▶ _Task objective_: Restate all entries word for word, minus pictures.

▶ _Exercise input_:
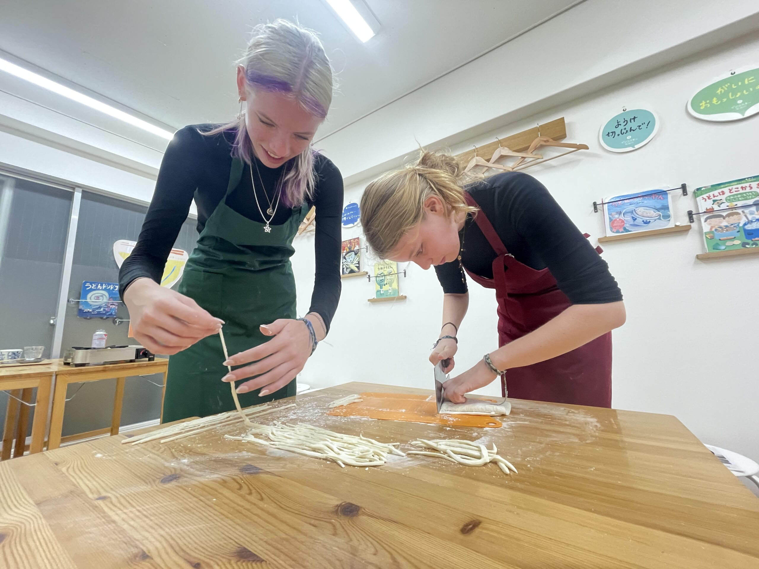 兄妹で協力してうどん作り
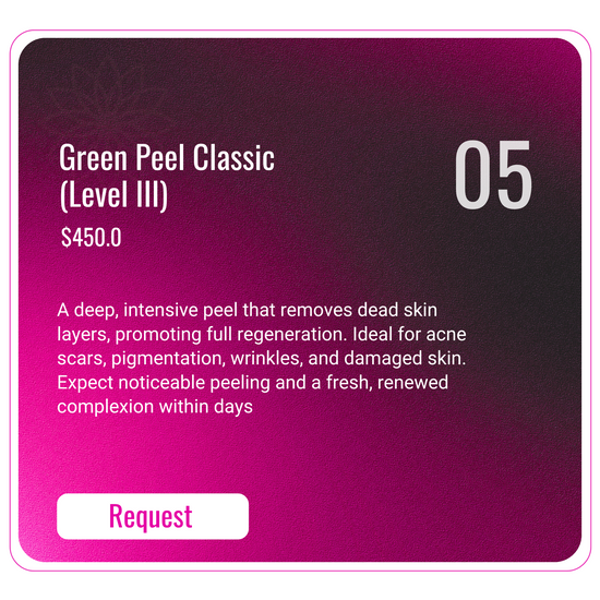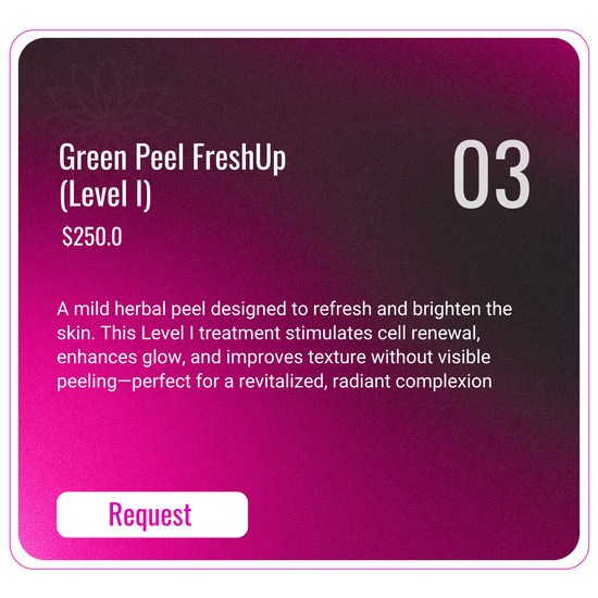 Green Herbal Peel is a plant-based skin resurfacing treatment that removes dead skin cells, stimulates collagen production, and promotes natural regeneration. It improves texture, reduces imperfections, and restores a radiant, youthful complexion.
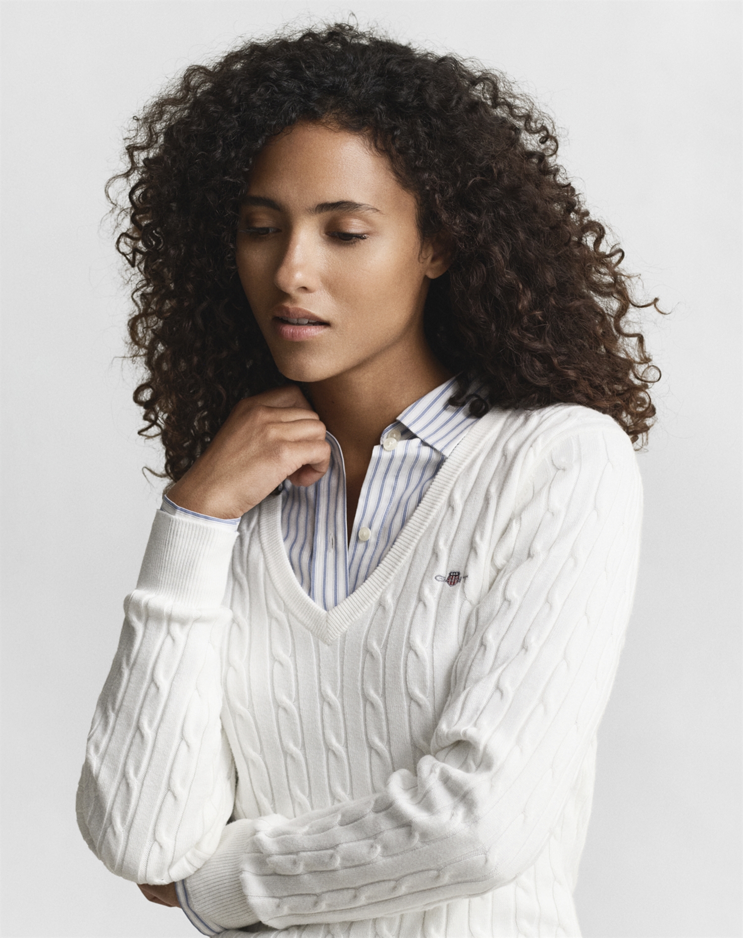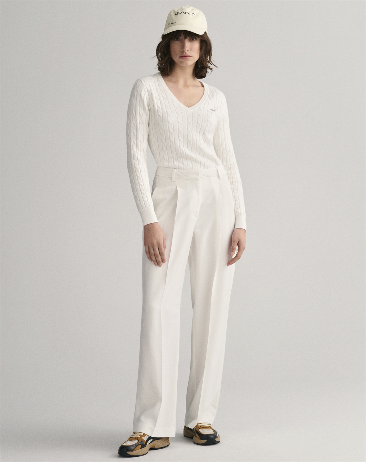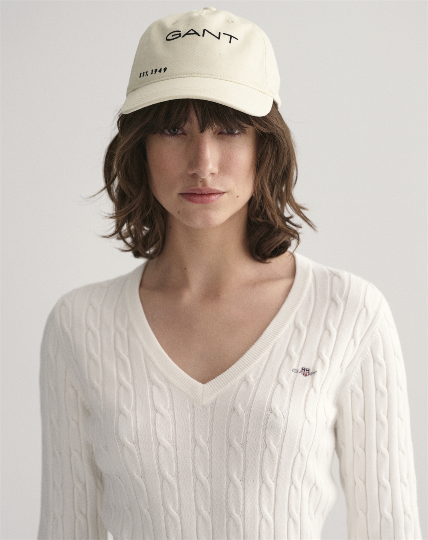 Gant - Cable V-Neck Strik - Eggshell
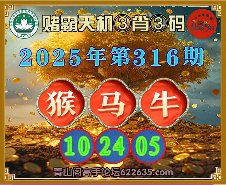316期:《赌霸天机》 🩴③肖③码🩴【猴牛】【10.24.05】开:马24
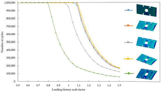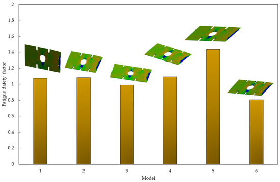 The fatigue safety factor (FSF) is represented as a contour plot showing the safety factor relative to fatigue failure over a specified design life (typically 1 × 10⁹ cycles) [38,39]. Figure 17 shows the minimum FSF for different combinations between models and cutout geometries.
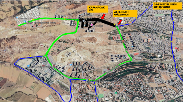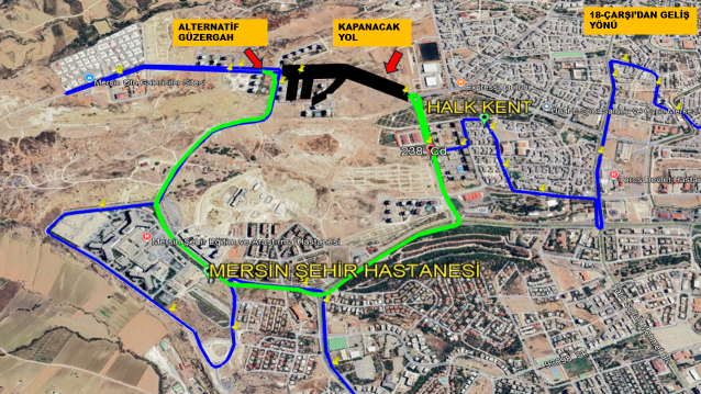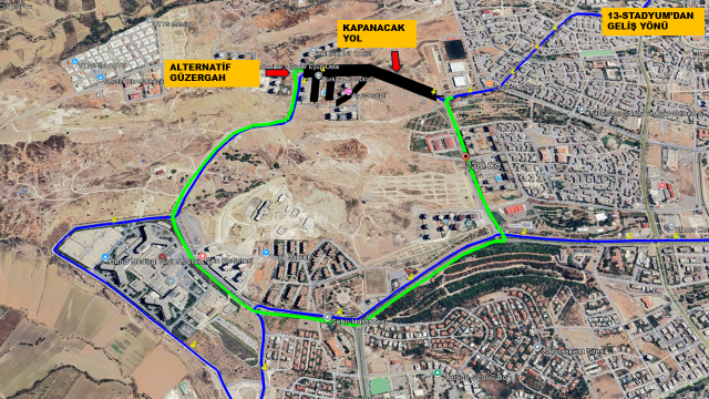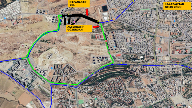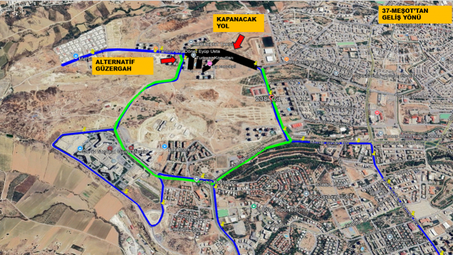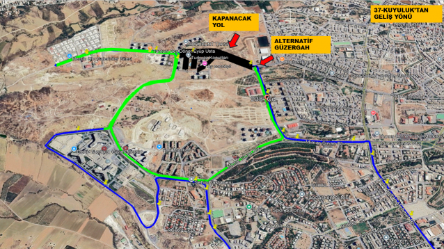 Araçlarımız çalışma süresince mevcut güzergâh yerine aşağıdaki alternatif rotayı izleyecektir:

▶ _Exercise output_:
 兄妹で協力してうどん作り
 Green Herbal Peel is a plant-based skin resurfacing treatment that removes dead skin cells, stimulates collagen production, and promotes natural regeneration. It improves texture, reduces imperfections, and restores a radiant, youthful complexion.
 Gant - Cable V-Neck Strik - Eggshell
316期:《赌霸天机》 🩴③肖③码🩴【猴牛】【10.24.05】开:马24
 The fatigue safety factor (FSF) is represented as a contour plot showing the safety factor relative to fatigue failure over a specified design life (typically 1 × 10⁹ cycles) [38,39]. Figure 17 shows the minimum FSF for different combinations between models and cutout geometries.
 Araçlarımız çalışma süresince mevcut güzergâh yerine aşağıdaki alternatif rotayı izleyecektir:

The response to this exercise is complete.